Interesting. Thanks! So you're saying when the car is in neutral it does not use any regen when I apply the brakes, and instead any brake pedal depression is transferred directly to real brake application, and not regen efforts?
Correct! I have the same situation and have "calibrated" where on the hill to switch into neutral so that the ICE doesn't start as I use a little EV before getting to the downhill run. If I'm going back up the hill still on an all-EV trip it costs 2.5 EV miles to go 1 mile at about 35 mph
This is an artificial "problem" created in your mind only. If the ICE doesn't start going down the hill, it WILL start a short time after you reach the bottom.......so the difference is likely to be tiny indeed.
Is the ICE actually STARTING, or just spinning for braking purposes if the battery is topped? My understanding is that this consumes no fuel, so it's really just a "Jake Brake." Am I missing something?
It doesn't make any difference when it starts if you don't want it to start at the beginning of what would otherwise be an all EV trip.
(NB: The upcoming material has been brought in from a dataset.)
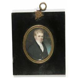 19th C. English School watercolour on ivory, Portrait of a young man, Oval, 2.5 x 2 ins. £80-120

Anything that causes the ICE to spin will initiate the warm up cycle. Regen that would over charge the battery will do it every time.
Or perhaps there's another way down the hill. I have such a route and use it whenever I'm going any near that general direction. It has some ups with the downs, great EV miles.
Does B mode start the ICE on gas? There was a comment in another thread that it uses ICE compression but with no fuel.
I am in the same situation as I live at the top of a hill and have a 2 mile drive to work. I use the neutral method. So long as you are aware that you are effectively 'shifting' the car when driving in this mode, it's perfectly safe. To others, yes, the problem is that once the ICE starts, it has to run through the entire warm-up period, which wrecks fuel economy on short trips.